== Problem to solve ==
Please repeat exactly the lines from the one containing "After ordering a" through the last line of the records below, both included, and leave out any pictures.

== Recorded information ==
....................

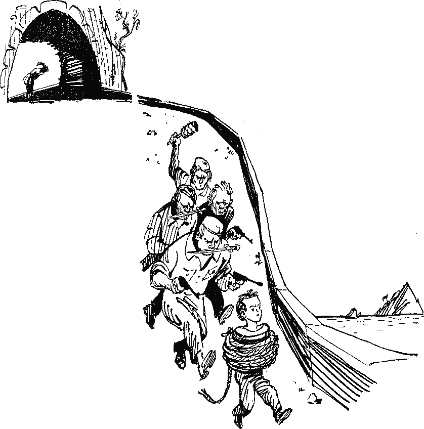 Со второго этажа, из кафе, смотрели на площадь командир корабля Аллигейтер и инспектор Интерпола Румпельштильцхен. — Слава богу, все кончилось благополучно, — устало вздохнул инспектор. — Ты доволен? — спросил летчик. — Еще бы. — Но ведь ты никого не поймал, Румпель. — Хорошо, что они нас не поймали… В темноте моргали стоп-сигналы выезжающих на автостраду машин. Геннадий не знал, видели ли Буги с Чангом, как он прыгнул в «роллс-ройс». Лежа на полу, он не слышал ни одного их слова: переднее сиденье было отделено от задних перегородкой из толстого стекла. Он почувствовал, что «роллс-ройс» идет на сумасшедшей скорости, не меньше 150 километров в час. Следовательно, они едут в сторону от Лондона, по большому городу так не поедешь. Оторвались ли они от погони? Во всяком случае, дело принимало неплохой оборот. «Я решил быть с вами до конца, мистер Буги, — скажет он. — Спина к спине у мачты, сэр…» Скорость вдруг резко упала. Машина сделала поворот и поехала по боковой дороге. Блики большой автострады перестали мелькать по стенкам. Машина остановилась, открылась передняя дверь, голос Буги прогудел: — Слышал, Чанг? Они проскочили мимо. Сейчас мы смоемся, а потом рассчитаемся с ними на островах Кьюри… Он захлопнул дверь, развернул машину и поехал назад к автостраде. Перед выездом был небольшой подъем. Буги включил вторую передачу, и вдруг машина дернулась, взревел мотор. Почувствовав неладное, Геннадий поднял голову и увидел, что передний отсек «роллс-ройса» наполнился голубоватым светящимся дымом, в котором, словно припадочные, бились Буги и Чанг. Судороги продолжались несколько мгновений, потом Буги и Чанг уронили головы. Геннадий увидел двух подбегающих мужчин в странных масках. В руках одного из них было короткое ружье с широким, будто бы стеклянным стволом. Второй распахнул дверку машины, нажал на тормоз, выключил зажигание. Светящийся газ мгновенно испарился. Нападавшие сняли маски, деловито приступили к обыску бесчувственных Буги и Чанга. Геннадий заметил, что широкоствольное ружье лежит рядом с машиной на асфальте. Он выскочил из машины, схватил ружье и, увидев изумленные физиономии старшего стюарда и его дружка, нажал спусковой щелчок; мелькнул узенький язычок огня, «роллс-ройс» вновь наполнился голубым дымом. Геннадий бросился прочь и упал в кювет — носом в мокрую траву. Когда потомок великого императора Рокера I очнулся, он увидел над собой ясные, доброжелательные глаза Джина Стрейтфонда. — Что произошло? — заплетающимся языком пробормотал Буги. — Все в порядке, сэр. Они связаны, — бодро ответил мальчик. — Откуда ты взялся? — Всегда с вами, сэр. До конца. Спина к спине у мачты. Ричард Буги со стоном приподнялся, увидел связанных врагов, икающего Чанга и расхохотался: — Ей-ей, ты мне по душе, малый!
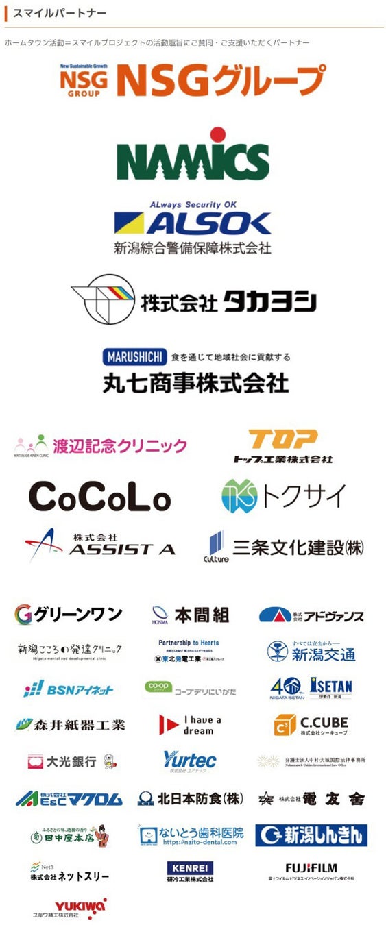 アルビレックス新潟では、たくさんの笑顔に貢献するアクションとして、ホームタウン活動を「スマイルプロジェクト」と定義し、笑顔溢れる街づくりに取り組んでまいります。
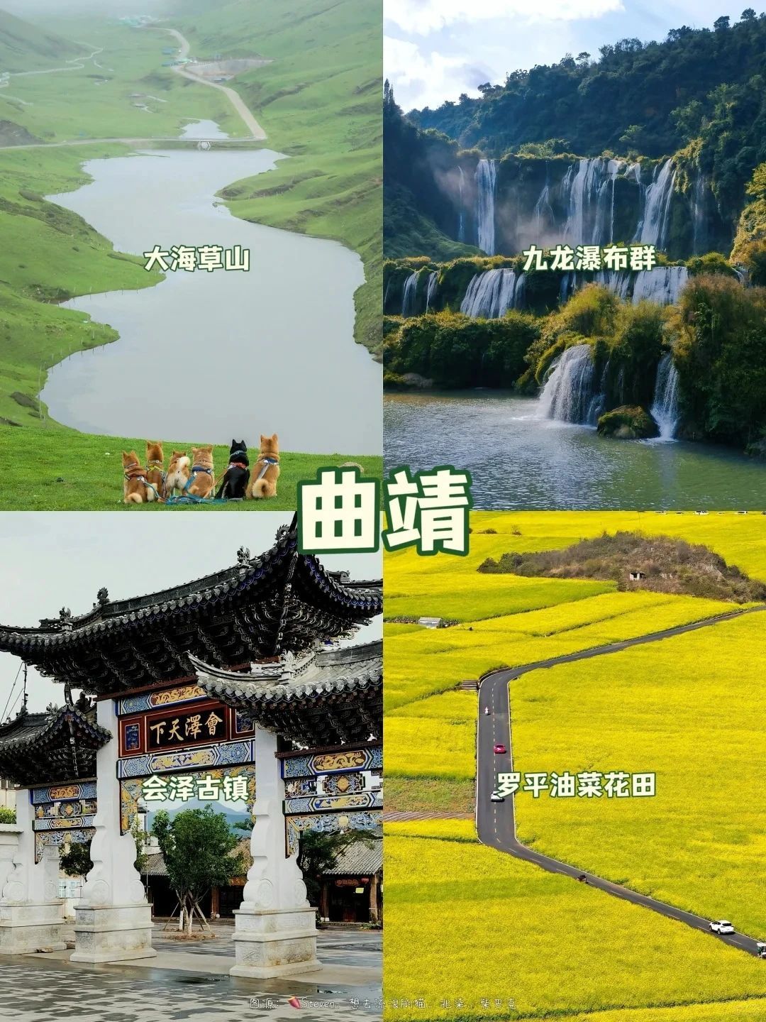 曲靖|景点:大海草山、九龙瀑布群、会泽古镇、罗平油菜花|美食:宣威火腿、陆良板鸭、罗平烟熏肉
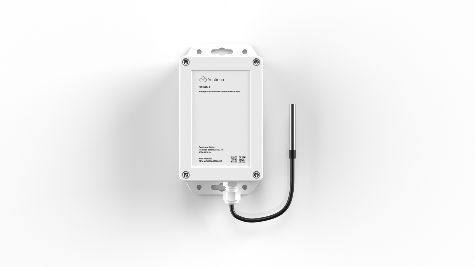 Sentinum Helios mioty® drahtlose multipurpose Anschlussbox ausgestattet mit einem Temperaturfühler 1-wire DS18B20, Kabeldurchführungen, ca. 1m Kabel, Kabelmaterial Silikon, Edelstahlhülse mit 30mm Länge und 6mm Durchmesser, IP65 (Fühler) weitere Versionen auf Anfrage oder als Zubehör, Messbereich Temperaturfühler -55°C bis +125°C, IP67 (Box), Gehäuse ABS/PC, Konfiguration über NFC, wechselbare Batterien (4 AA Zellen). Lieferumfang: Helios Smart Box, Temperaturfühler mit Kabel, Batterien.Eigenschaften Temperatursensor
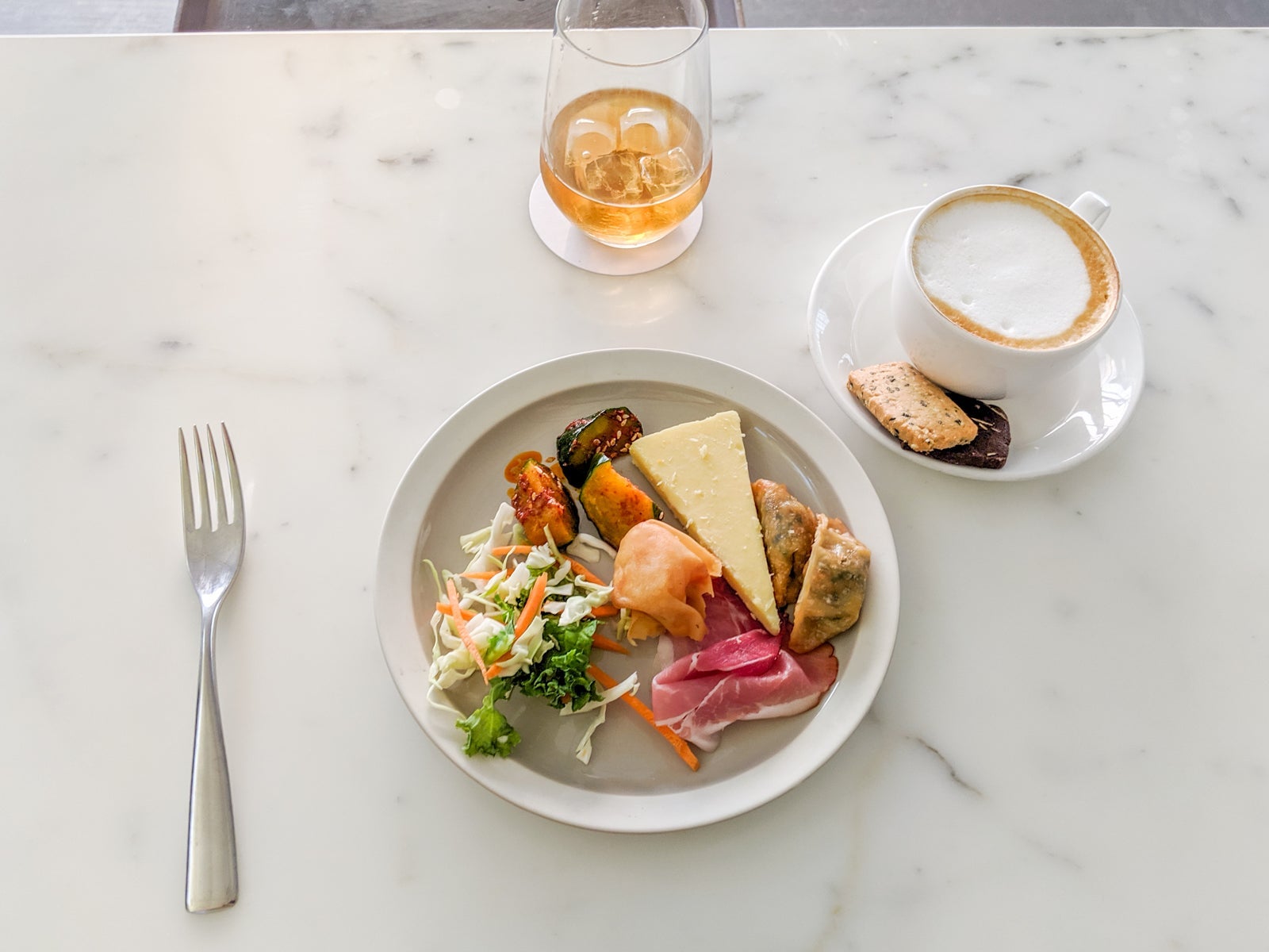 After ordering a bourbon on the rocks, there I sat, cappuccino, noodles and appetizer plate in hand(s), to soak in the stunning airport views with one final Hong Kong sunset. The bartender and all of the lounge staff were courteous and even happy to chat. I found even more snacks, like chips, guacamole, potstickers and a Hong Kong favorite, cucumbers with chili oil, bookending the bar.
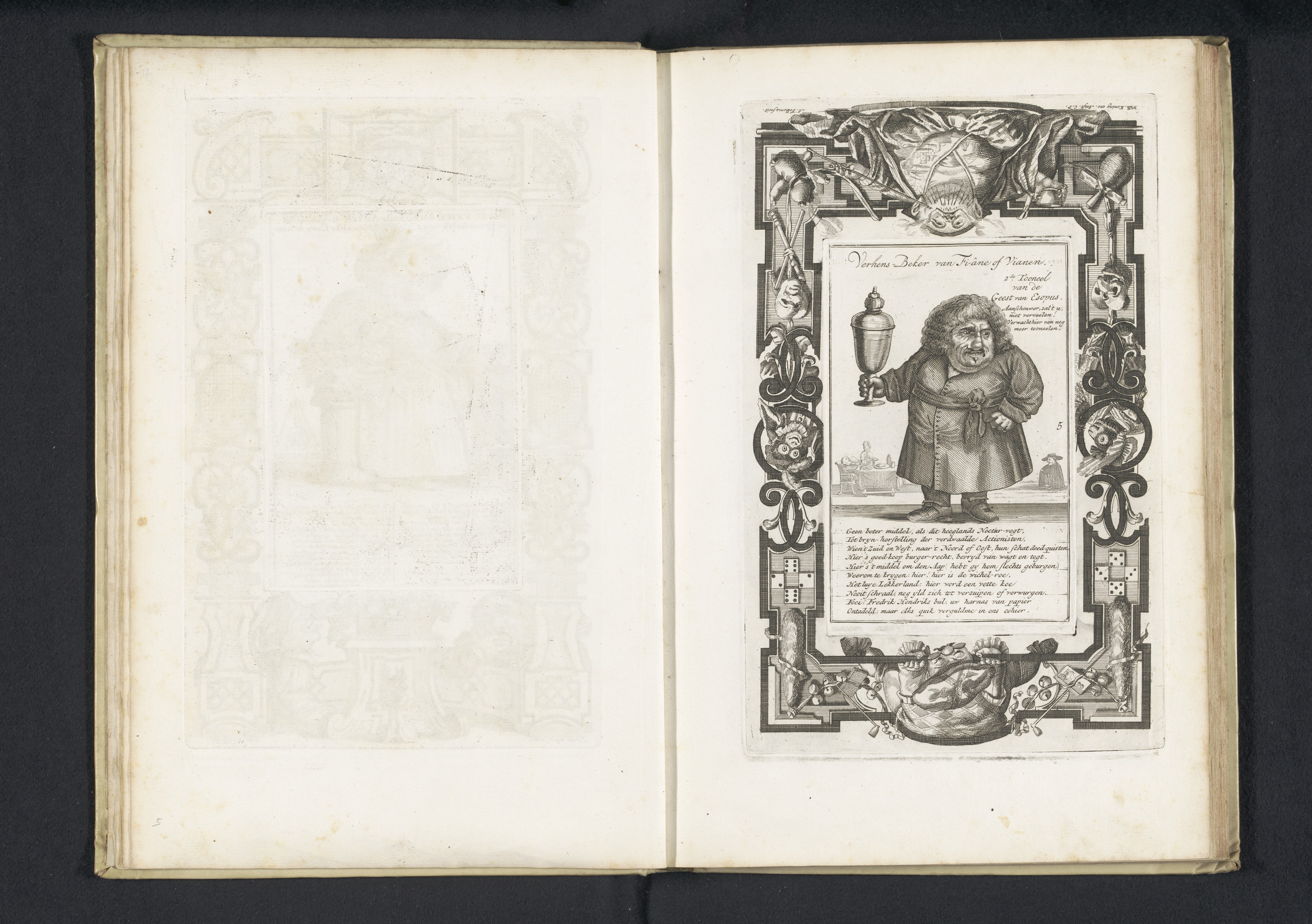 Een kleine mens in kamerjas met een grote beker, 1720

....................

== Exercise answer ==
 After ordering a bourbon on the rocks, there I sat, cappuccino, noodles and appetizer plate in hand(s), to soak in the stunning airport views with one final Hong Kong sunset. The bartender and all of the lounge staff were courteous and even happy to chat. I found even more snacks, like chips, guacamole, potstickers and a Hong Kong favorite, cucumbers with chili oil, bookending the bar.
 Een kleine mens in kamerjas met een grote beker, 1720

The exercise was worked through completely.